New bounds for range closest-pair problems

TL;DR

This paper introduces new data structures for the range closest-pair problem in computational geometry, providing improved bounds for various query types through worst-case and average-case analyses.

Contribution

It proposes novel data structures for RCP queries over quadrants, strips, rectangles, and halfplanes, with significant improvements and new bounds over previous results.

Findings

Improved bounds for RCP queries in quadrants and rectangles.

New data structures for RCP in strips and halfplanes.

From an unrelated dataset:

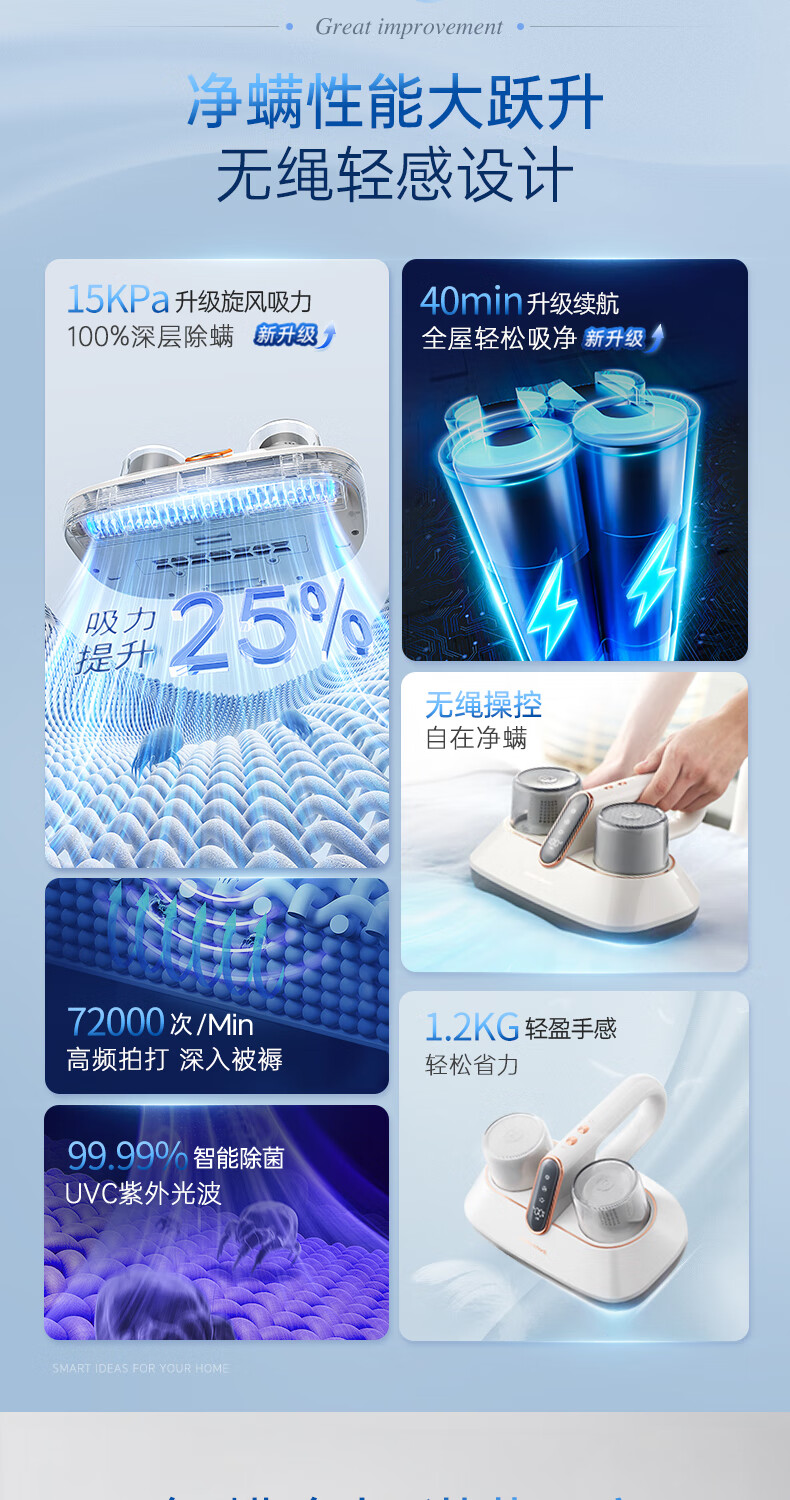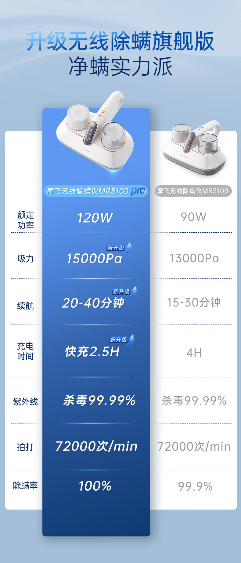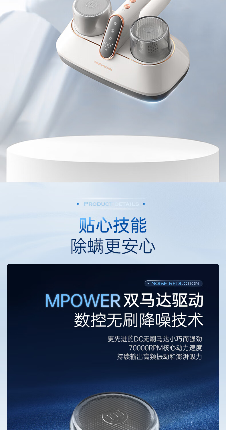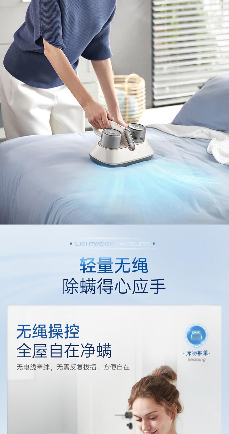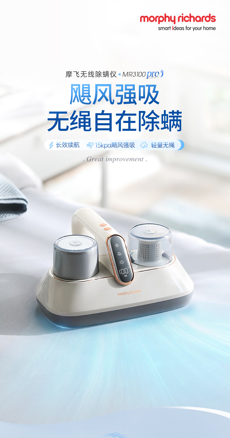 【小家电】摩飞电器除螨仪无线除螨吸尘器升级大吸力长续航家用床上紫外线杀菌除螨虫MR3100pro HF
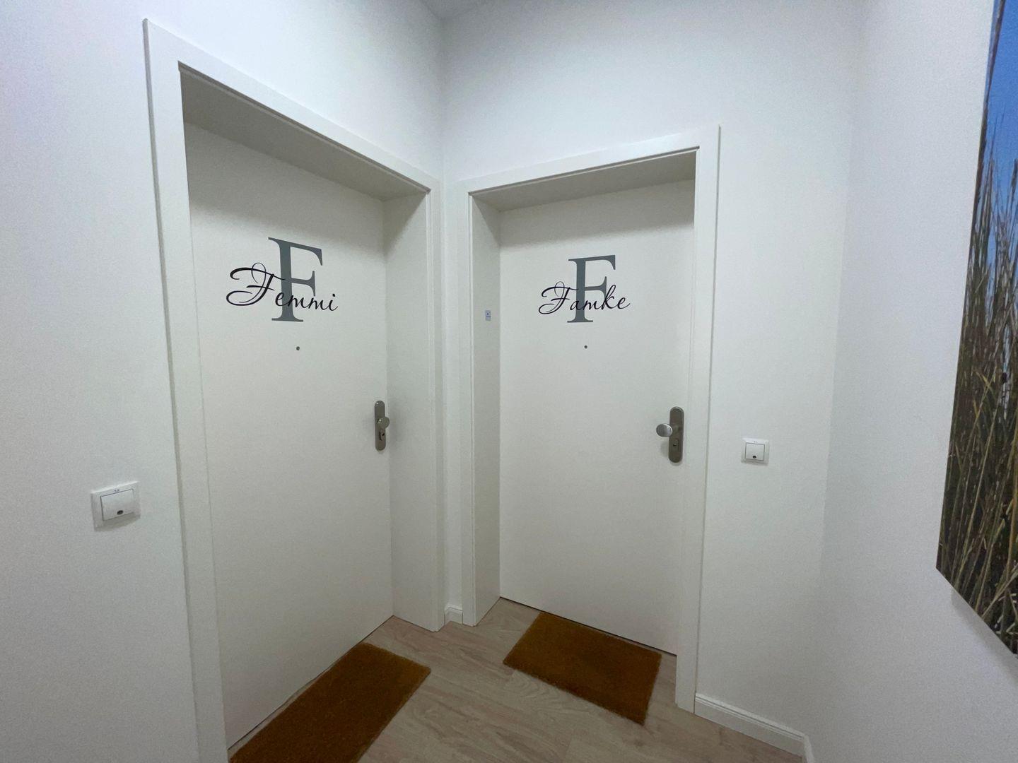 In der Ferienwohnung Famke haben Sie außerdem die Möglichkeit, im Gästezimmer fernzusehen, dank des zweiten Flachbildfernsehers. Die beiden Schlafzimmer bieten Platz für bis zu 4 Personen und ein Baby. Das eine Schlafzimmer verfügt über ein Doppelbett (180*200) und das andere über eine Ausziehcouch (140*200). Das Duschbad ist mit einer ebenerdigen Dusche versehen und rundet das Angebot ab.

Both worst-case and average-case analyses demonstrate enhanced performance.

Abstract

Given a dataset $S$ of points in $\mathbb{R}^2$, the range closest-pair (RCP) problem aims to preprocess $S$ into a data structure such that when a query range $X$ is specified, the closest-pair in $S \cap X$ can be reported efficiently. The RCP problem can be viewed as a range-search version of the classical closest-pair problem, and finds applications in many areas. Due to its non-decomposability, the RCP problem is much more challenging than many traditional range-search problems. This paper revisits the RCP problem, and proposes new data structures for various query types including quadrants, strips, rectangles, and halfplanes. Both worst-case and average-case analyses (in the sense that the data points are drawn uniformly and independently from the unit square) are applied to these new data structures, which result in new bounds for the RCP problem. Some of the new bounds significantly improve the previous results, while the others are entirely new.